Social distancing can’t last forever
I have to say I don’t share Lyn’s concern about people ‘barging past’ each other on escalators at less than a metre away (MetroTalk, Mon).
Just how infectious do people think Covid is? If being close to someone for less than two seconds was all it took, everyone would have caught it by now. I agree that sitting close to people on the train might be riskier but how much longer can we keep away from each other?

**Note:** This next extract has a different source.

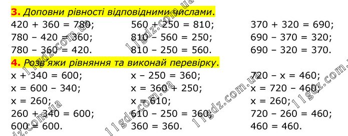 3. Доповни рівності відповідними числами. 420 + 360 = 780; 780 – 420 = 360; 780 – 360 = 420. 560 + 250 = 810; 810 – 560 = 250; 810 – 250 = 560. 370 + 320 = 690; 690 – 370 = 320; 690 – 320 = 370. 4. Розв’яжи рівняння та виконай перевірку. х + 340 = 600; х = 600 – 340; х = 260; 260 + 340 = 600; 600 = 600. х – 250 = 360; х = 360 + 250; х = 610; 610 – 250 = 360; 360 = 360. 720 – х = 460; х = 720 – 460; х = 260; 720 – 260 = 460; 460 = 460.
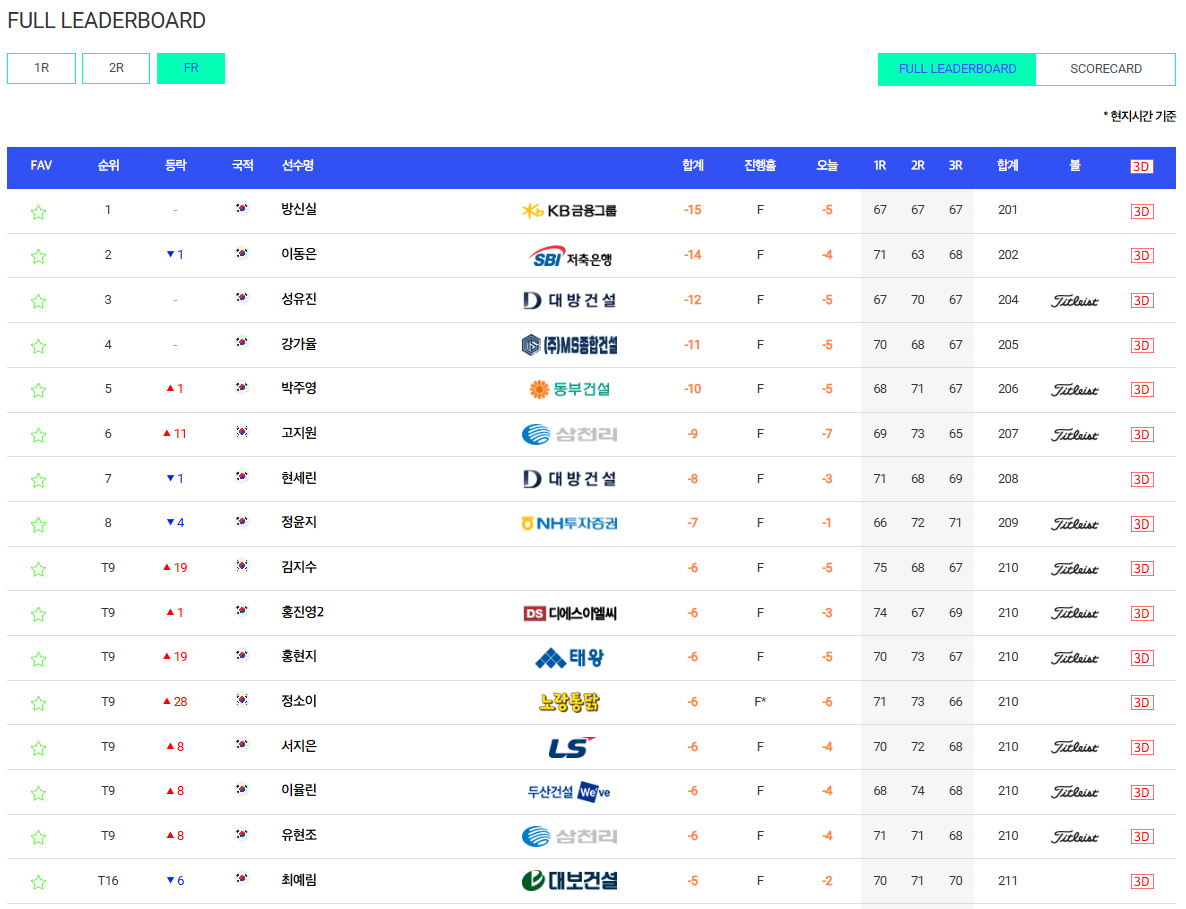 운명을 가른 17번 홀: 승부의 향방을 결정지은 것은 17번 홀(파3)이었습니다. 155m 거리의 파3 홀. 방신실 선수는 흔들림 없는 집중력으로 티샷을 날렸고, 공은 홀컵 1m도 안 되는 거리에 정확히 떨어졌습니다. 이어진 버디 퍼트를 깔끔하게 성공시키며, 14언더파로 단독 선두로 치고 나가는 데 성공했습니다.

Last week, for the first time in over a year, someone sat next to me on the train. There was nowhere else for him to go and he did ask first. Sooner or later, we’re all going to have to get used to busy trains and buses.
Peter, Leeds
■ Well done, Lyn, for your rant about Covidiots on the train. No doubt these people witter on about not having had any fresh air for a year when in fact they’ve always been able to go out!
Michael, Kingston upon Thames
■ I have just seen a cyclist in Central station without a mask. Surely if you can get enough puff to ride a bike, you should be wearing a face covering.
Donna, Glasgow
■ The first weekend out of lockdown and we get Tube engineering works between Epping and Bethnal Green, with a series of replacement bus services. What is usually a threeminute journey between Theydon Bois and Debden required two bus journeys for one stop and took up to an hour.
Dave, Epping
■ Regarding the proposed breakaway football super league (Metro, Mon), all 12 teams who have signed up should immediately be kicked out of their countries’ footballing associations.
These clubs should lose their playing licence and should pay back all TV revenues as some of the teams’ deals run until the end of season 2021/22.
Scott, Edinburgh
■ I have been a Chelsea supporter since the 1970s. Can anyone please tell me what the attraction is for me and other football fans of the regular ‘top six’ teams in watching our team play in a ‘no losers league’, which also bars them from participating in genuinely competitive club competitions?
Chris HG, Maidstone
■ I am heartened to see that Boris Johnson has decided to take a stand against the super league, a group intent on breaking away from the main footballing body and operating outside it, to its own set of rules.
As he says, a small number of sides considering themselves elite and going it alone would be damaging for everybody in the long run, sacrificing the evident good of the whole for the short-term benefit of but a few.
If only there were some analogy that could be drawn upon to highlight what a damaging decision this could be.